DIP 1027---String Interpolation---Format Assessment

SealabJaster sealabjaster at gmail.com
Thu Feb 27 14:47:55 UTC 2020


On Thursday, 27 February 2020 at 09:30:30 UTC, Walter Bright 
wrote:
> You can make it behave like all those other languages simply 
> with:
>
>     f(format("hello $a"));

At that point, it begs the question of why even bother having 
string interpolation.

I'd like to imagine that most newcomers/returning veterans of D 
would see "D has string interpolation!" and then expect it to 
work similar to how it does in most other languages.

They'd expect f(format("hello %s", a)) to be replaced by a much 
more compact f("hello $a"), instead of some D-ism take on 
interpolation that doesn't really provide much in the way of the 
main use of the feature: easily creating formatted strings.

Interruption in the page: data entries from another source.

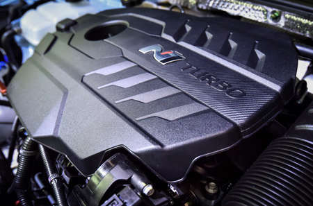 KUALA LUMPUR, MALAYSIA - DEC 3, 2019 : Close up of Hyundai i30 N engine displayed at Kuala Lumpur International Motor Show
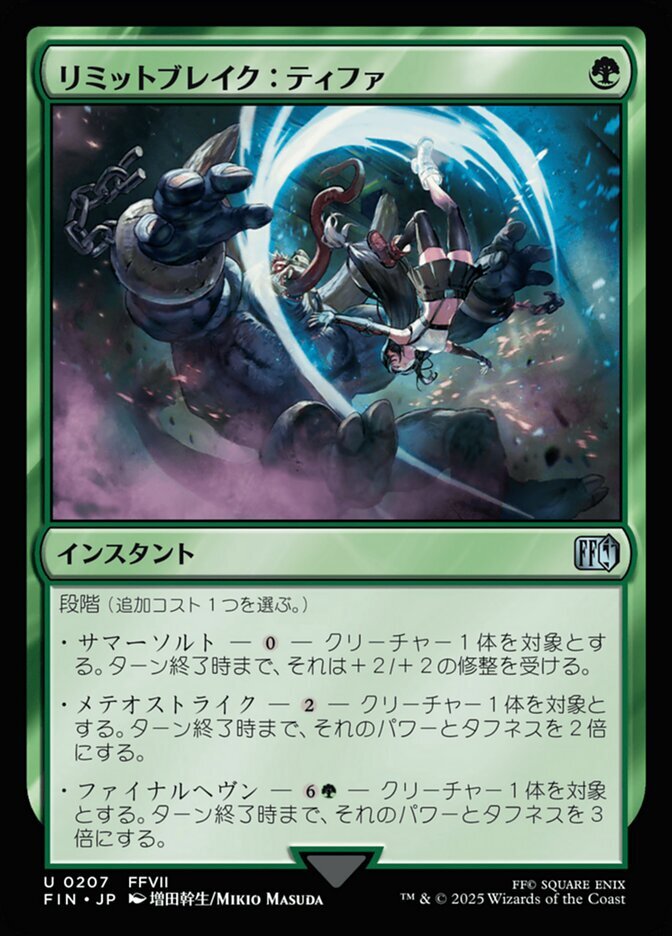 | Rules | Tiered (Choose one additional cost.) • Somersault — — Target creature gets +2/+2 until end of turn. • Meteor Strikes — — Double target creature's power and toughness until end of turn. • Final Heaven — — Triple target creature's power and toughness until end of turn. |
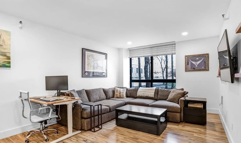 Pristine 2 Bedroom/2 Bath with Parking! Step into this spacious open concept living and dining room with amazing natural light! Floor-to-ceiling windowsill every room with views of the beautifully landscaped courtyard. Newly renovated kitchen featuring white quartz countertops, stainless steel appliances and an ample amount of counter space. Large walk in closet big enough for extra storage. Laminate wood floors spill all throughout this condo, even in the bedrooms. Primary bedroom has an ensuite bathroom and able to fit a king bed. Parris Landing is a luxury condo that has 24 hour security, state of the art gym, community room, heated pool and gas grills. 1 mile form downtown Boston, and easy access to all major highways. City living at is best!
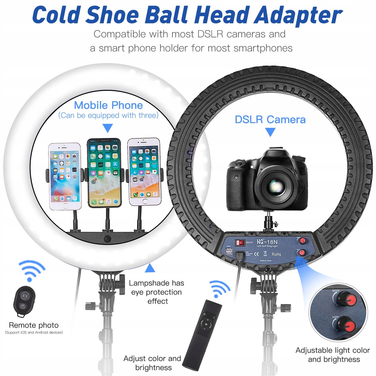 【Doskonała kompatybilność】 Produkt ten jest wyposażony w trzy uchwyty na telefon, które mogą jednocześnie obsługiwać trzy telefony. Jest kompatybilny z większością smartfonów o szerokości 55-58 mm. Oprócz telefonów komórkowych nadaje się również do aparatów. DLSR lub nawet lusterka do makijażu. Idealny do makijażu, zdjęć makro, filmów na YouTube, oświetlenia studyjnego, fotografii portretowej i transmisji itp.
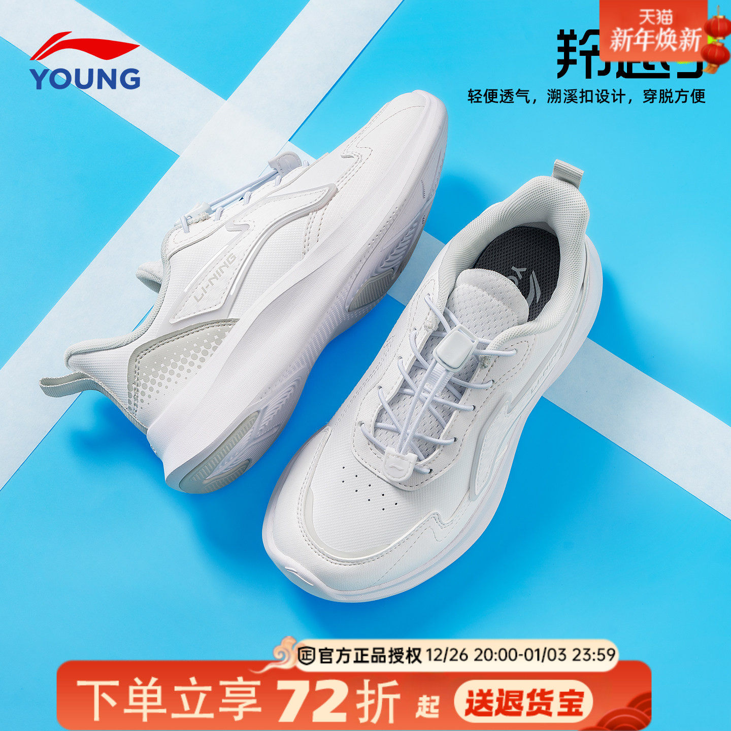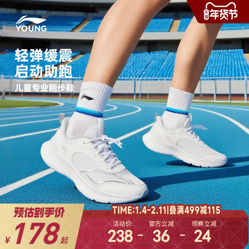 李宁儿童运动鞋男童小白鞋2026新款羚越男女大童青少年白色跑步鞋
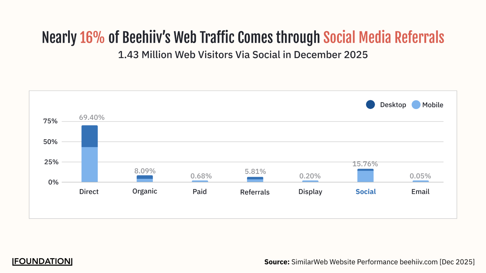 Nearly 16% of Beehiiv's Web Traffic Comes through Social Media Referrals: 1.43 Million Web Visitors Via Social in December 2025
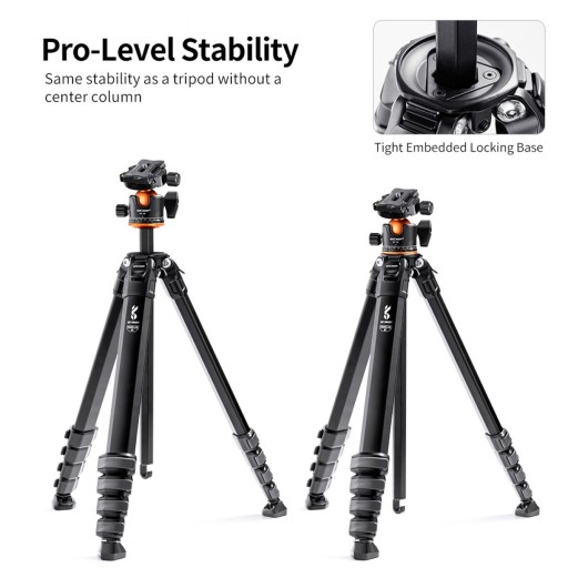 Środkową kolumnę statywu podróżnego można odłączyć lub zmontować w 3 krokach, oszczędzając czas podczas robienia makro lub makrofotografii na ziemi.
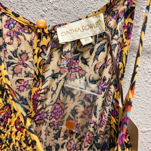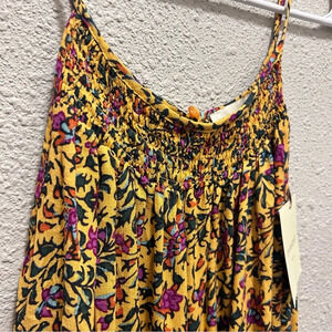 Cynthia Rowley Smocked Neckline Keyhole Back Sleeveless Top Mustard Floral NWT
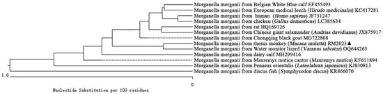 Phylogenetic tree of 16S rRNA sequences between M. morganii of rhesus monkey (Macaca mulatta) (RM2023) and other reported M. morganii. “▲” is the isolated bacteria strain from the rhesus monkey in this case.
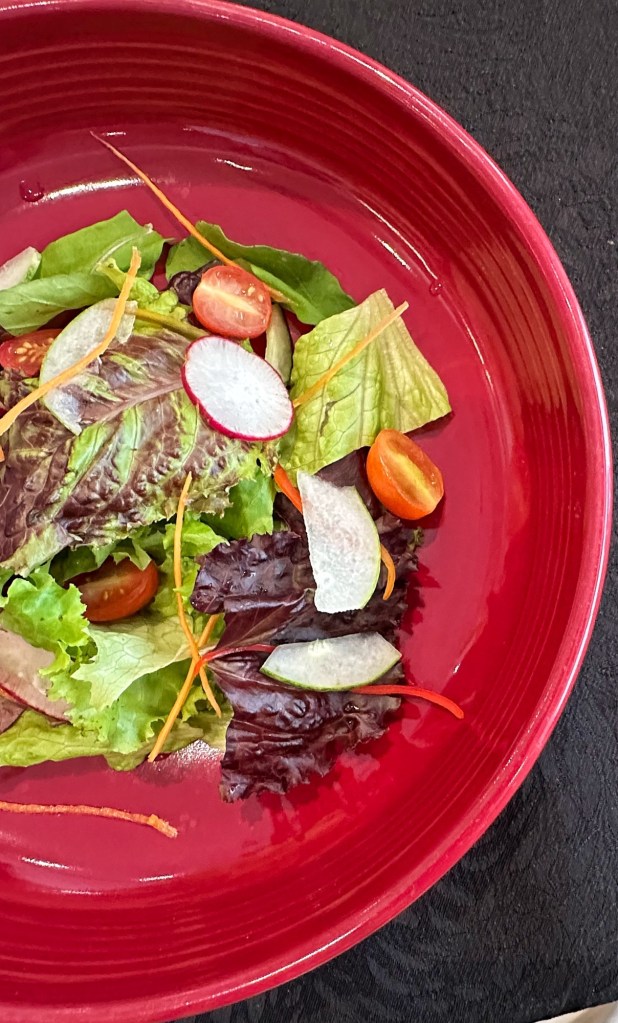 It begins with Soup of the Day, followed by assorted garden greens with honey mustard dressing.
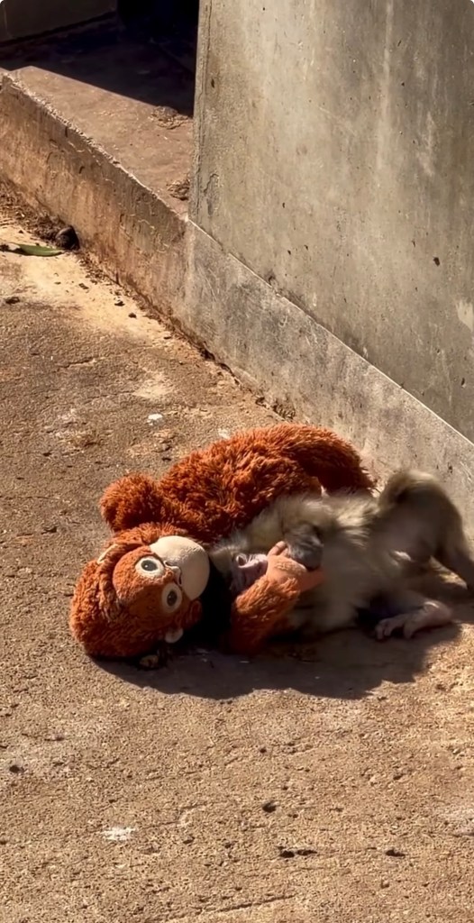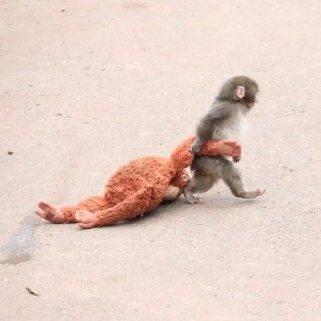 Un cucciolo rifiutato dalla mamma che si porta dietro un pupazzo per consolarsi.
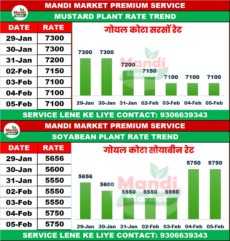 प्लांट भाव ₹ 5750/5850 मंदी ₹ 50
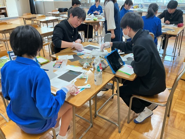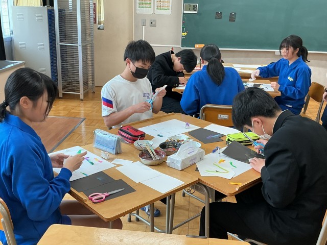 美術ではクレヨンと黒い画用紙を使って、オーロラを表現しています。
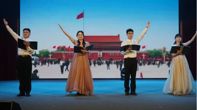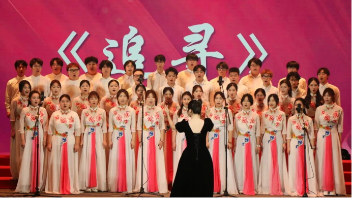 歌曲《向往》宛如一首激昂澎湃的时代赞歌,它以中国梦和两个百年奋斗目标为核心主题精心创作而成,满溢着对美好未来的炽热向往;人文学院合唱团则以嘹亮且深情的歌声,诉说着歌曲《追寻》中对红色初心的坚守,对崇高理想的执着追求。
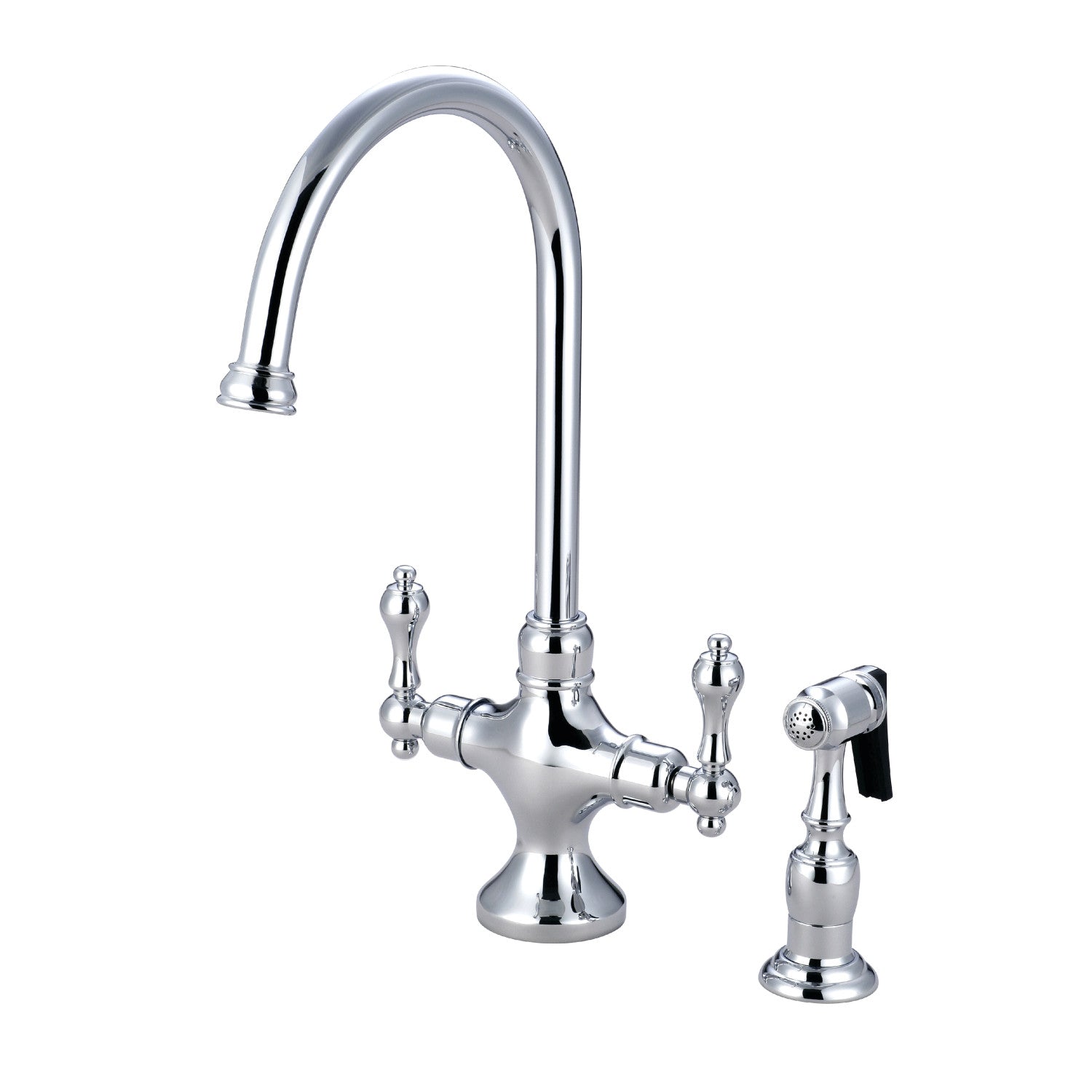Return to the antique designs of the early 20th Century with this faucet, offering detailings of refined splendor and ornate design to your home. For a streamlined yet glamorous look, two-handle single-hole kitchen faucets are a practical and fashionable design. Additionally, the polished chrome finish is guaranteed to embellish your home's traditional ensemble for years to come as it adds a glistening elegance. Allow the brass construction to provide a sturdy and reliant fixture. Utilize the included matching finish side-sprayer for convenience in cleaning hard-to-reach areas.

People more used to D will likely go "Oh, that's kind of weird 
yet cool" once they learn what it lowers down to, yet newcomers 
who aren't too caught up with the language's features will simply 
be annoyed and confused that it 'feels' (not necessarily is) more 
complicated than needed.

It appears the main focus in these dicussions are "What super 
super cool and niche (in comparison to string formatting) things 
can we do with this feature!" while mostly blind-siding that it's 
generally an easy-to-use, easy-to-understand feature in other 
languages.

Similarly, as far as I can tell even with the adjustment of 
making these strings their own special type, something as simple 
(for other languages as):

```
void f(string a, string b)
{ /*...*/ }

int foo = 20;
string bar = "lalafell";
f(i"You are a foo($foo)", i"I am not a $bar");
```

Isn't easily achieved without use of an extra helper function 
such as i"...".format or .str, etc.

My view on it is that this is generally a QoL feature, which some 
languages (C#, Swift) have had success in keeping the basic 
principle of interpolation while also granting user code the 
power to perform some of the things being suggested (e.g. In C#, 
string interpolation works as-expected, yet check out functions 
such as FromSqlInterpolated[1] which can directly access the 
format string & values simply by taking a special 
`FormattableString` type)

To be honest, if D's take on interpolation makes people scratch 
their head in confusion at the most basic use case, then it's 
probably not even worth adding to the language.